A clean-room sweep for compression-layer projects the dossier's 03/46/51/52 do not already cover. Code-intelligence retrievers (codedb, fff, Serena, Code Context Engine, Claude Context, Sourcegraph, Augment, Qodo) are in file 51; vector backends are in file 52; this section is the *compression/proxy/memory* layer specifically. Numbers are vendor self-report unless marked; none is locally reproduced here.
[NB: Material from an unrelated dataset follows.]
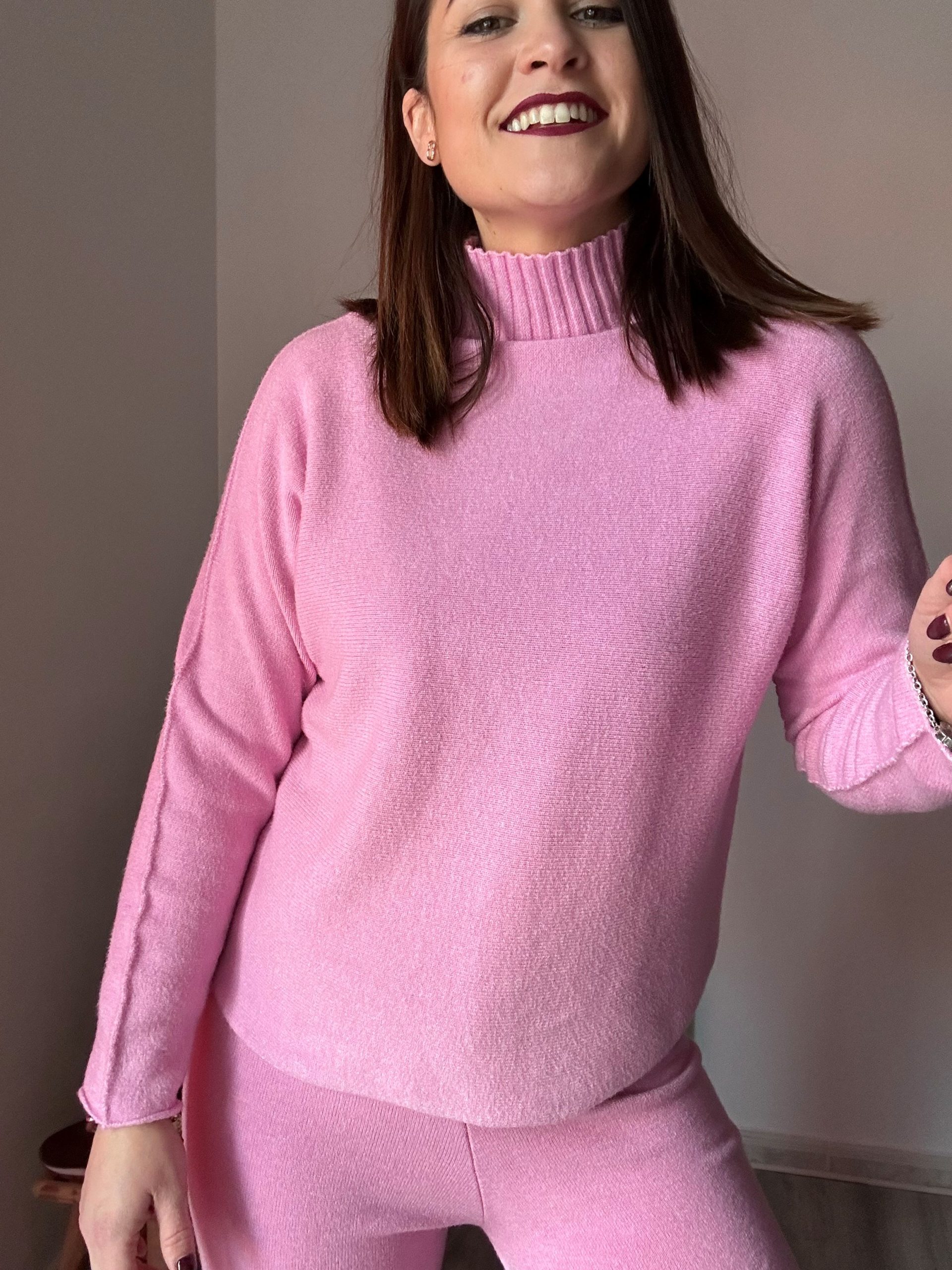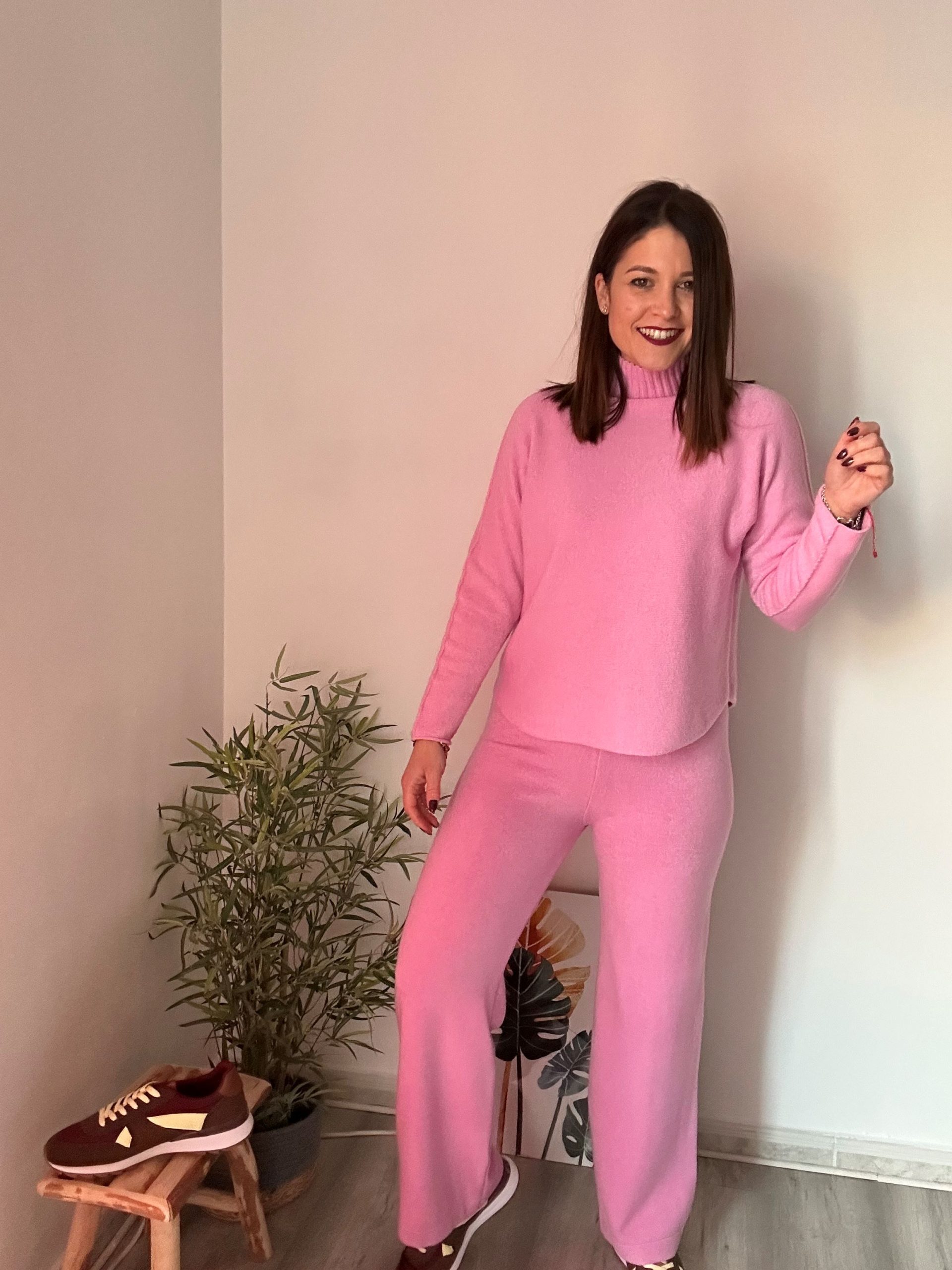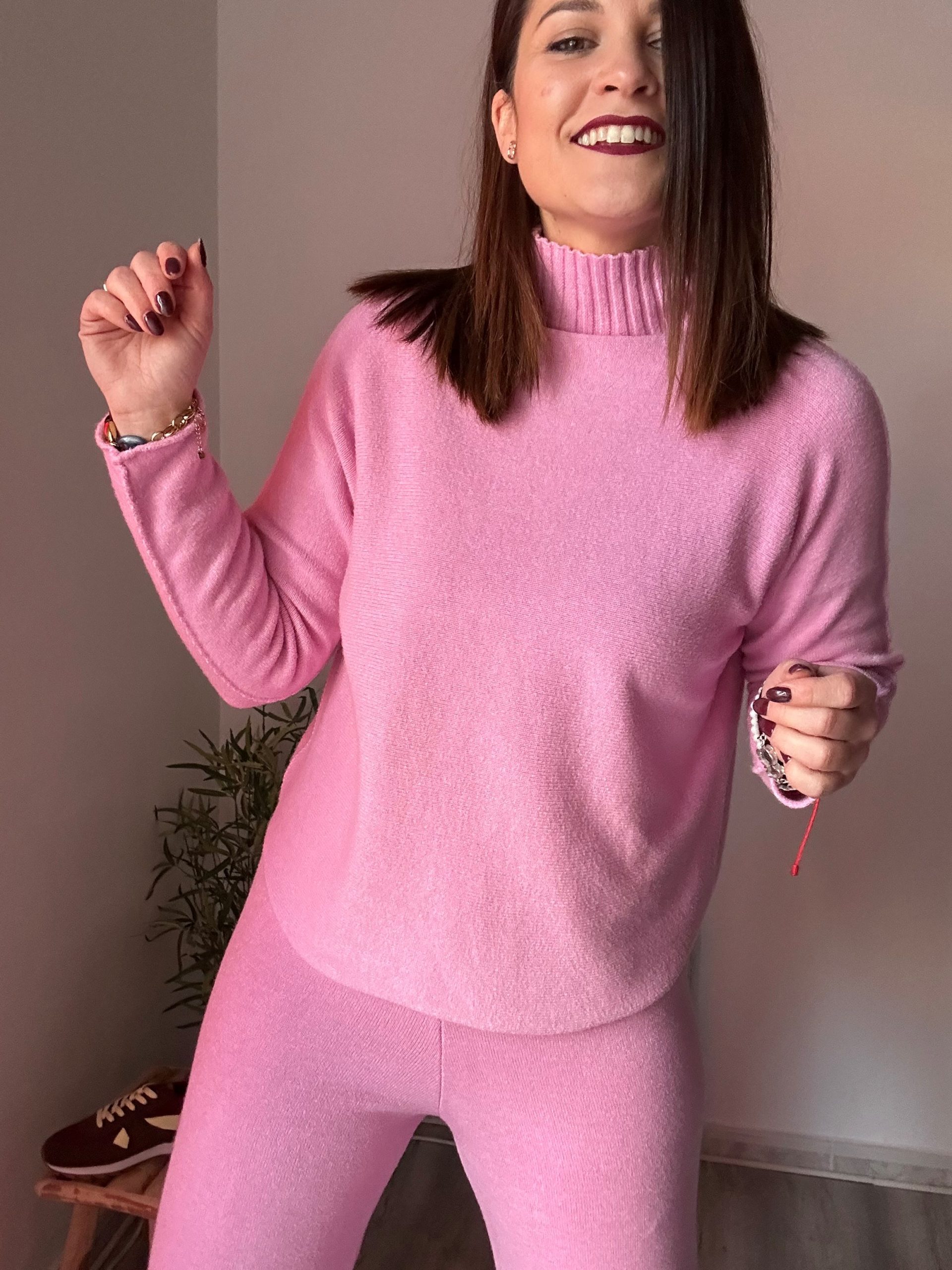 Estos conjuntos están confeccionados en un tejido de punto suave y muy gustoso, perfecto para los meses más frescos. Su tacto calentito aporta confort desde el primer momento, convirtiéndolos en una opción imprescindible para tu fondo de armario. El jersey con cuello chimenea añade un toque moderno y elegante, además de proteger del frío sin necesidad de complementos extra.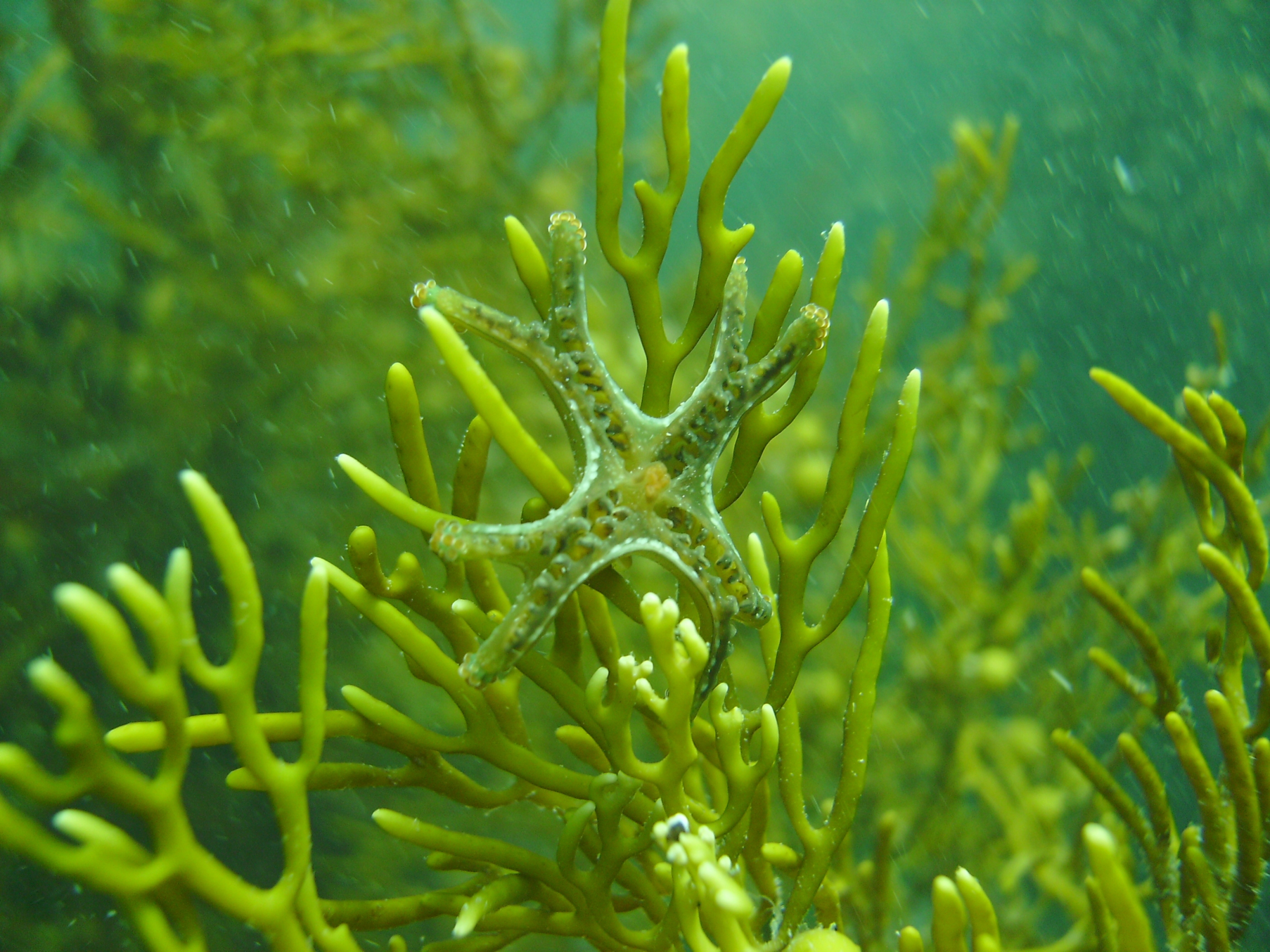 This stauromedusan, or stalked jellyfish, is about the size of a thumbnail. Photographed on brown kelp in the Taputeranga Marine Reserve near Wellington and tentatively identified as Kishinouyea cf. nagatensis (Oka, 1897), a Japanese species. Credit: Sheryl Miller

| Project                                             | Category                          | What it compresses                      | Claimed saving                    | Works with Claude Code?  | Tier                                             |
| --------------------------------------------------- | --------------------------------- | --------------------------------------- | --------------------------------- | ------------------------ | ------------------------------------------------ |
| **headroom** (`chopratejas/headroom`)               | Compression library + proxy + MCP | Tool outputs, logs, RAG, files, history | 60–95% (per-payload); 66.1% mixed | Yes (MCP/library/proxy)  | T3-weak                                          |
| **LLMLingua / LLMLingua-2** (`microsoft/LLMLingua`) | Prompt-compression proxy          | Whole prompt (perplexity pruning)       | up to 20× (NL)                    | Self-host; cache-hostile | T2 (record 19)                                   |
| **CompactPrompt**                                   | Prompt compression guide/lib      | Prune + abbreviate + quantize data      | "up to 60%"                       | Self-host                | T4 (file 46)                                     |
| **claude-mem** (`thedotmack/claude-mem`)            | Cross-session memory              | Compressed memory observations          | "\~10×" retrieval-path            | Yes                      | T3 (record 15)                                   |
| **cavemem** (`JuliusBrussee/cavemem`)               | Compressed memory MCP             | caveman-compressed memory               | "\~75% prose"                     | Yes                      | T4 (record 02)                                   |
| **Mem0**                                            | Agent memory layer                | Extracted/compressed memories           | vendor benchmarks                 | Yes (API)                | T4 (dossier K-mem: files-only beat it on LoCoMo) |

This list is the focused compression/memory layer; the broader retrieval and serialization market is covered in files 51, 52, and record 14. The pending internet re-sweep (parallel research streams) augments this table with any additional 2025–2026 compression proxies, observation compressors, or cross-agent memory systems that survive the skeptic pass; load-bearing additions will be merged here with their sources before this file's verdict is treated as final.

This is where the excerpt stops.